Correlation Between Protagenic Therapeutics and Sino Biopharmaceutica

Specify exactly 2 symbols:
Can any of the company-specific risk be diversified away by investing in both Protagenic Therapeutics and Sino Biopharmaceutica at the same time? Although using a correlation coefficient on its own may not help to predict future stock returns, this module helps to understand the diversifiable risk of combining Protagenic Therapeutics and Sino Biopharmaceutica into the same portfolio, which is an essential part of the fundamental portfolio management process.
By analyzing existing cross correlation between Protagenic Therapeutics and Sino Biopharmaceutical Ltd, you can compare the effects of market volatilities on Protagenic Therapeutics and Sino Biopharmaceutica and check how they will diversify away market risk if combined in the same portfolio for a given time horizon. You can also utilize pair trading strategies of matching a long position in Protagenic Therapeutics with a short position of Sino Biopharmaceutica. Check out your portfolio center. Please also check ongoing floating volatility patterns of Protagenic Therapeutics and Sino Biopharmaceutica.

Diversification Opportunities for Protagenic Therapeutics and Sino Biopharmaceutica

0.75
  Correlation Coefficient

Poor diversification

The 3 months correlation between Protagenic and Sino is 0.75. Overlapping area represents the amount of risk that can be diversified away by holding Protagenic Therapeutics and Sino Biopharmaceutical Ltd in the same portfolio, assuming nothing else is changed. The correlation between historical prices or returns on Sino Biopharmaceutical and Protagenic Therapeutics is a relative statistical measure of the degree to which these equity instruments tend to move together. The correlation coefficient measures the extent to which returns on Protagenic Therapeutics are associated (or correlated) with Sino Biopharmaceutica. Values of the correlation coefficient range from -1 to +1, where. The correlation of zero (0) is possible when the price movement of Sino Biopharmaceutical has no effect on the direction of Protagenic Therapeutics i.e., Protagenic Therapeutics and Sino Biopharmaceutica go up and down completely randomly.

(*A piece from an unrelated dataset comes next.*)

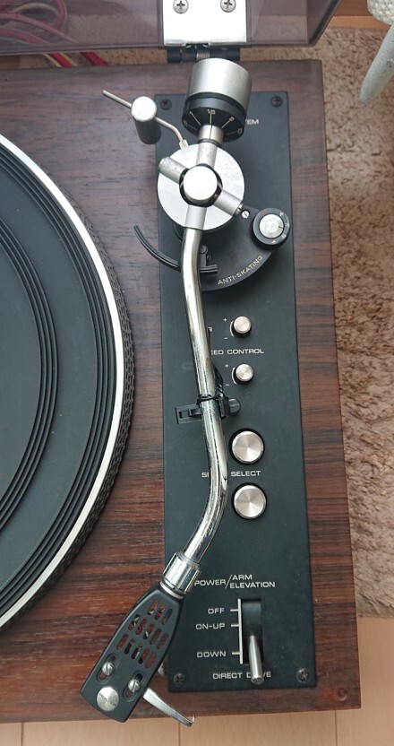 | 商品紹介 | ☆主な特徴 ・ローズウッド仕上げのダイレクトドライブ方式を採用したレコードプレイヤー。 ・ターンテーブルを直接駆動するダイレクトドライブ方式により、伝達系からくる回転ムラやモーターの高速回転による振動を抑えています。また、電子回路の働きにより一度設定された回転数は自動的にコントロールされ、周辺温度や電源電圧の変動で狂いが生じるのを防いでいます。さらに、モーターの駆動電源は内蔵の定電圧回路によって直流に変換されているため、電源周波数に関係なく回転数が一定となっています。 ・トーンアーム部は軸受部に精密な研磨仕上げを行うことでトレース能力を高めています。 さらに、トーンアーム自体の重心が低くなるように設計してあるため、音溝が複雑な4chレコードなどのトレース能力を向上しています。 ・キャビネット内に補強を施し、インシュレーターに特殊ゴムを用いることで、内部振動や外部振動による悪影響を防いでいます。 ・レコードや針先を傷めるのを防ぐため、アームエレベーション機構を搭載しており、ターンテーブル回転のon-off操作レバーと連動させています。 ・純電子式の速度切換えを採用しており、さらに±2%の範囲内で速度の微調整が可能なストロボスコープを搭載しています。 ☆主な仕様 ・モーター : ブラシレスDCサーボモーター ・駆動方式 : ダイレクトドライブ ・ターンテーブル : 31cm径アルミ合金ダイキャスト製 ・回転数 : 33・1/3、45rpm(微調整可能) ・回転数微調整範囲 : ±2%(各回転数独立調整) ・回転ムラ : 0.05%以下(WRMS) ・S/N : 55dB以上 ・トーンアーム形式 : スタティックバランスS字型パイプアーム ・カートリッジ : MM型(PC-110) ・サイズ : 幅430x高さ171x奥行338mm ・重量 : 6.5kg ☆同梱品 Pioneer レコードプレイヤー PL-1100 ☆ カートリッジ付本体のみ |

Pair Corralation between Protagenic Therapeutics and Sino Biopharmaceutica

Given the investment horizon of 90 days Protagenic Therapeutics is expected to under-perform the Sino Biopharmaceutica. In addition to that, Protagenic Therapeutics is 3.15 times more volatile than Sino Biopharmaceutical Ltd. It trades about -0.18 of its total potential returns per unit of risk. Sino Biopharmaceutical Ltd is currently generating about -0.27 per unit of volatility. If you would invest  834.00  in Sino Biopharmaceutical Ltd on November 2, 2024 and sell it today you would lose (109.00) from holding Sino Biopharmaceutical Ltd or give up 13.07% of portfolio value over 90 days.
Time Period3 Months [change]
DirectionMoves Together 
StrengthSignificant
Accuracy90.48%
ValuesDaily Returns

Protagenic Therapeutics  vs.  Sino Biopharmaceutical Ltd

 Performance 
       Timeline  
Protagenic Therapeutics 

Risk-Adjusted Performance

0 of 100

 
Weak
 
Strong
Very Weak
Over the last 90 days Protagenic Therapeutics has generated negative risk-adjusted returns adding no value to investors with long positions. In spite of weak performance in the last few months, the Stock's forward indicators remain fairly strong which may send shares a bit higher in March 2025. The current disturbance may also be a sign of long term up-swing for the company investors.
Sino Biopharmaceutical 

Risk-Adjusted Performance

0 of 100

 
Weak
 
Strong
Very Weak
Over the last 90 days Sino Biopharmaceutical Ltd has generated negative risk-adjusted returns adding no value to investors with long positions. In spite of uncertain performance in the last few months, the Stock's primary indicators remain fairly strong which may send shares a bit higher in March 2025. The current disturbance may also be a sign of long term up-swing for the company investors.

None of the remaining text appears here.